An advance letter will be mailed to the sampled graduates four weeks prior to October 1, 2010. To increase initial contact rates, a telephone and address verification form (TAVF) will accompany the advance letter. TAVF will collect the usual contact information, cell phone information (the service provider), and the sampled graduate’s email address(es). MPR’s toll-free telephone number and email address will also be included for sample members who have questions. A postage-paid return envelope will facilitate returning completed TAVFs. See Appendix E for the TAVF.


Encouraging Web Completes


Web completes provide significant cost savings because they require minimal staff intervention. We will encourage web completes through two means: 1) the initial invitation letter mailing will not include a paper questionnaire (web will be the only option) and 2) the follow-up paper questionnaire mailing will offer a differential incentive. The 2008 NSRCG incentive experiment, WebFirst groups (no questionnaire in the first mailing) still had web completes representing 70 percent of all their total completes three months into the field period, while the groups with the differential incentive had 80 percent web completes, saving paper questionnaire receipt and processing time.


Increasing Contacts with Cell-Phone-Only Households


Because a substantial proportion of the NSRCG sample will have only cell phones, NSF intends to use the email and postcard approach that proved so successful in 2008 to reach sample members. In 2010, we plan to initiate the mail and email prompts earlier than 2008, and continue a series of mailings and reminder emails throughout the field period. The reminder mailings will consist mainly of postcards. Postcards prove more effective than letters because our message is clearly visible, whereas a letter can be thrown away without being opened. Every email reminder in 2008 produced a small bump in completed interviews, especially web completes.


Data Collection

A multimode data collection protocol will be used to improve the likelihood of gaining cooperation from sample cases that are located.
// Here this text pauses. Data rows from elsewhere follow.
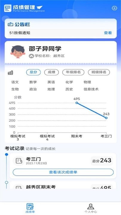 这是一款专为学校场景打造的成绩管理软件,支持多样化的成绩录入方式,能够对成绩信息进行精细化管理,还具备系统排名查询、标签分类、学习笔记记录等实用功能。此外,软件可直观呈现成绩趋势图、排名变化趋势图、各学科分析雷达图以及成绩对比图表。
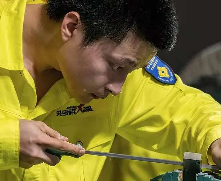 “集训4个月,光是锉刀就练废了三四十把,整整有一纸箱。”为了夯实基础、训练手感,孟凡东进行了超长时间的锉削基本功练习。每天上万次的锉削推拉,手掌心的水泡、茧子一茬接着一茬,贴上创可贴接着练。每次工件完成后,他的手背上总是扎满了细小的铁屑,把这些铁屑弄干净就要花十几分钟。
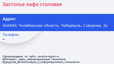 Застолье, кафе-столовая по адресу 456440, Челябинская область, Чебаркуль, Суворова, 3а в дальнейшем Организация, размещена в следующих категориях:
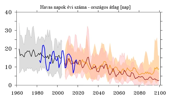 Az elmúlt 40 év alatt 15 napról 11 napra csökkent a havas napok (amikor legalább 1 cm hó hullott) éves száma, azonban a csökkenés pont az elmúlt 10 évben lett látványosabb. Országos átlagban utoljára 2013-ban volt példa az egész országot érintő nagy havazásra. A legnagyobb csökkenés az összes havas napok számában épp az eddigi leghavasabb országrészben, Északkelet-Magyarországon történt. Ha a modellszimulációkba belevesszük az emberi kényszerhatást (üvegházhatású-gázkibocsátásokat), akkor csak 50%-os bizonyossággal állíthatjuk, hogy a csökkenésért az emberi tevékenység a felelős. Ha azonban az eddigi mértékben folytatjuk a légkör üvegházgázokkal való telítését, és a pesszimista forgatókönyv érvényesül, akkor a század végére kétharmaddal csökkenhet, és évi 5 nap alá mehet országos átlagban a havas napok száma. A területi eloszlás változékonysága miatt ez azt is jelentheti, hogy egyes országrészekben akár évekig nem lesz jelentős havazás. Szabó Péter és Pongrácz Rita elemzése a Másfélfok.hu-n.
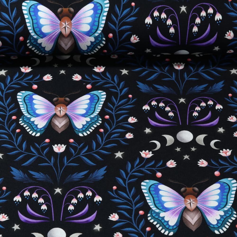 Een stof als een sterrennacht: delicate motten en vlinders in zachte blauw- en petroltinten zweven op een diepzwarte achtergrond, afgewisseld met delicate bladeren en fijne patroonaccenten. Het gedetailleerde ontwerp doet denken aan een mysterieuze middernachtstuin - elegant, licht mystiek en heerlijk modern tegelijk.
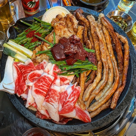 - 구성: 곱창 + 대창 + 차돌박이 + 염통을 한 판에 모두 즐길 수 있는 알찬 구성입니다.
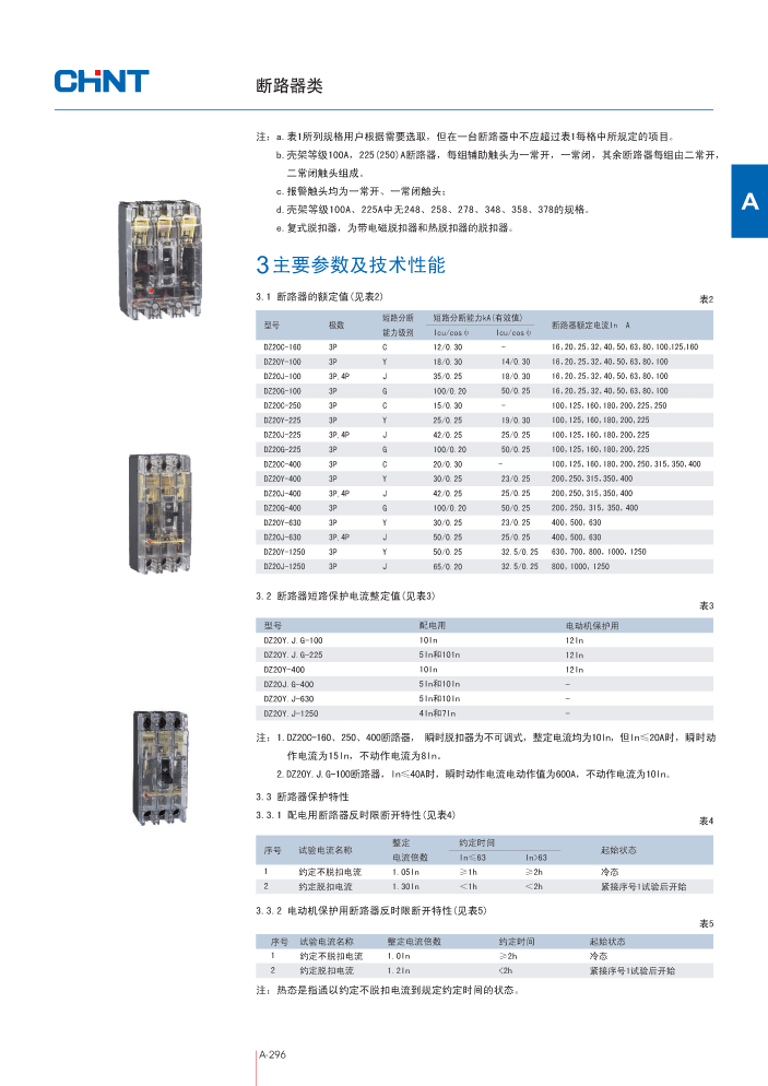 DZ20-100 电动机220V,DZ20系列塑料外壳式断路器,CHINT正泰电器
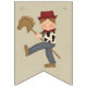 Fun bunting banner has a brown haired cowboy on either end and says Happy Birthday with a Sheriffs badge between the words. The cowboy is wearing his blue jeans, a cow print shirt, red bandanna and a red cowboy hat and he's riding his toy pony. This will be such a cute decoration at a cowboy party! Also available in blonde haired cowboy and an Asian cowboy.
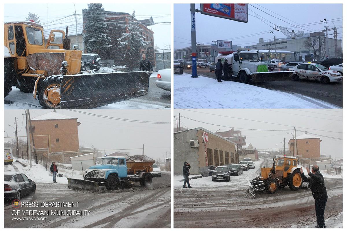 Դեկտեմբերի 28–ի գիշերվանից մայրաքաղաքի բարձրադիր վարչական շրջաններում մեկնարկել են ձյան մաքրման աշխատանքները: Տեղումների ինտենսիվությանը զուգահեռ, վաղ առավոտից գործընթացը ծավալվել է նաև մյուս վարչական շրջաններում:
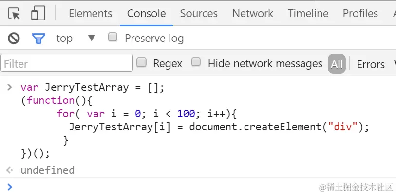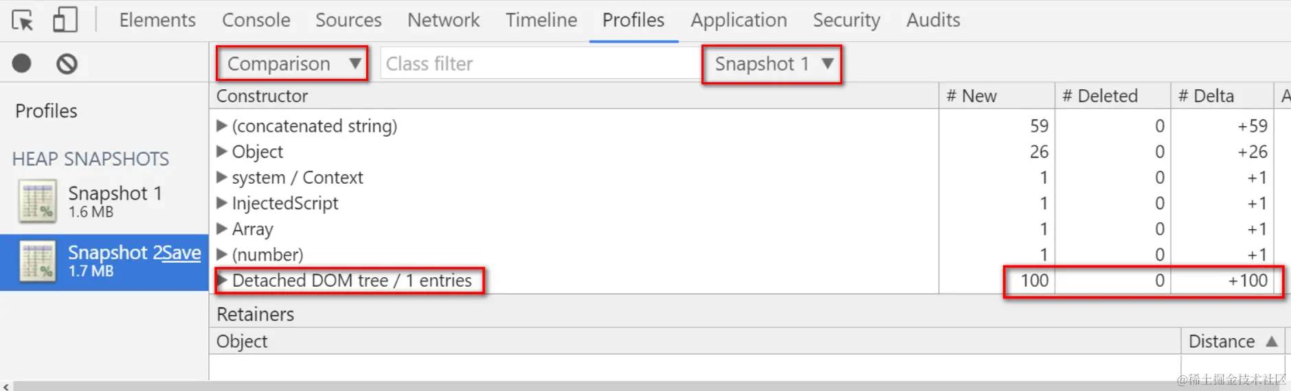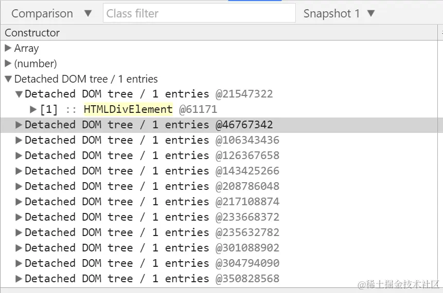 Once done, make the third snapshot and compare it with the second. Now we can find that the re-assignment to JerryTestArray will trigger the destruction of those 100 div nodes by Garbage collector:
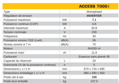 Groupe Electrogene WORMS Access 7000i 7.1kW
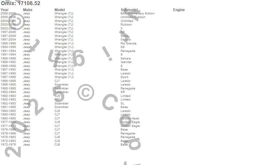 CJ5, CJ6, CJ7, Scrambler, Wrangler (LJ), Wrangler (TJ), Wrangler (YJ), Jeep, 2006, 2005, 2004, 2003, 2002, 2001, 2000, 1999, 1998, 1997, 1995, 1994
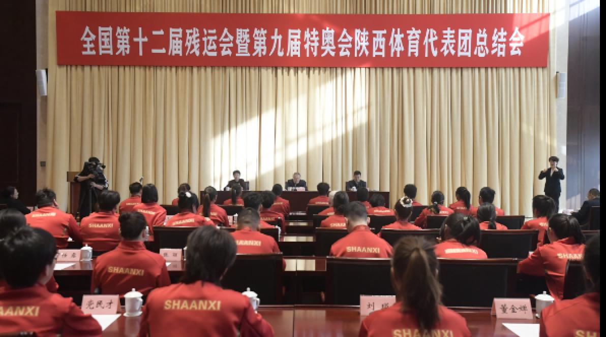 会议指出,在全国第十二届残运会暨第九届特奥会上,陕西体育代表团取得了省外参赛人数、参赛项目、金牌数、奖牌数、破纪录数“五个历史新高”,生动展现了残疾人自尊、自信、自强、自立的精神风貌,实现了比赛成绩和精神文明的双丰收。
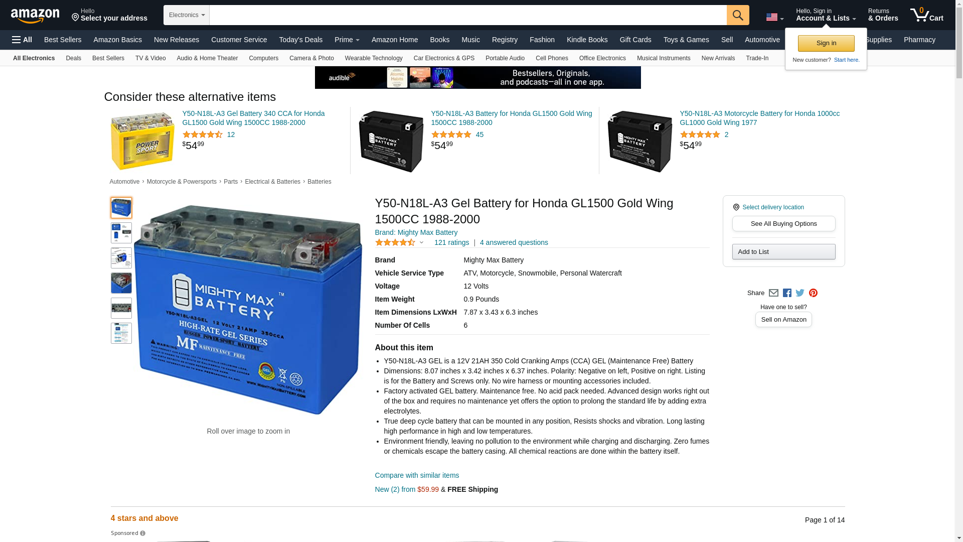 Mighty Max Battery Y50-N18L-A3 Gel Battery for Honda GL1500 Gold Wing 1500CC 1988-2000
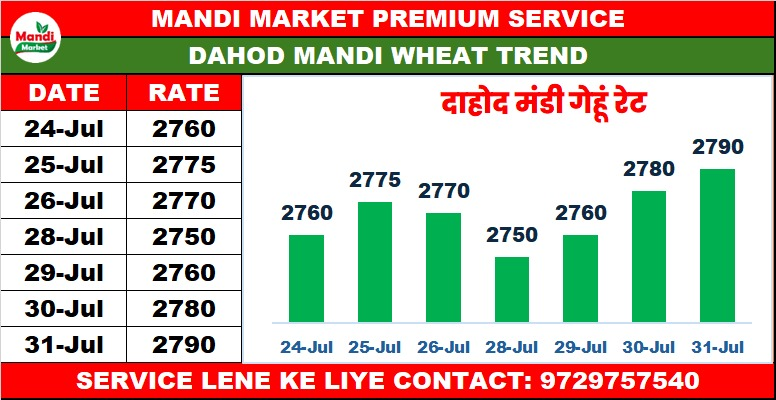 गेहूं लोकल (Wheat Local) भाव ₹ 2675 से ₹ 2700 स्थिर
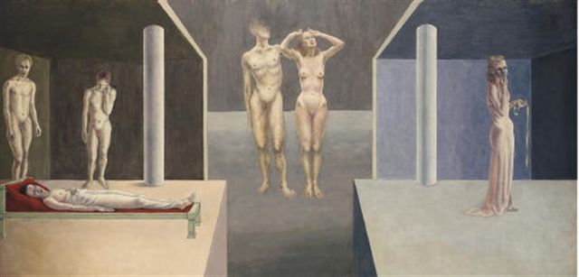 | Représentant à gauche deux hommes dénudés contemplant une femme morte, au centre un couple dénudé, à droite une femme en robe, u | |
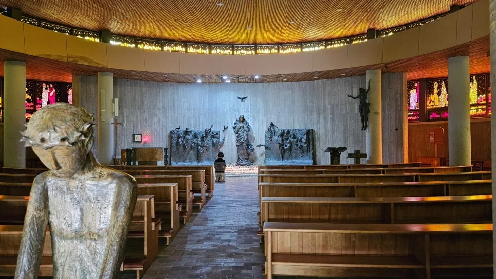 성지 입구에 들어서자 '나는 길이요 진리요 생명이다'라는 말씀이 새겨진 문이 맞이한다. 예수님의 발자국을 형상화한 작품이 새겨진 기둥 사이로 지나며, 이곳에 담긴 깊은 의미를 되새겨본다. 고요한 분위기 속에 발걸음도 조심스럽다. 마치 성서에서 예수님이 바닷물을 잠재우시던 그 순간처럼, 성스러운 침묵이 온 몸을 감쌌다.

Sample cases will be initially offered only a web option to encourage survey completion by the web, which is the most cost effective and timely method of data collection. Recent graduates are highly web-literate, so offering a web response option is apt to be appealing to NSRCG respondents.


The follow-up mailing will offer a choice of response options by inclusion of the paper questionnaire and web survey online access information before CATI begins to contact the nonrespondents to paper and web survey invitations.


In addition to these procedures, the following steps will be taken to maximize response rates and minimize nonresponse:

  • Developing “user friendly” survey materials that are simple to understand and use

  • Sending attractive, personalized material using priority mail, making a reasonable request of the respondent’s time, and making it easy for the respondent to comply

  • Using priority mail for targeted mailings to improve the chances of reaching respondents and convincing them that the survey is important

  • Devoting significant time to interviewer training on how to deal with problems related to nonresponse and ensuring that interviewers are appropriately supervised and monitored

  • Using refusal-conversion strategies that specifically address the reason why a potential respondent has initially refused, and then training conversion specialists in effective counterarguments

See Appendices E and F for survey mailing materials.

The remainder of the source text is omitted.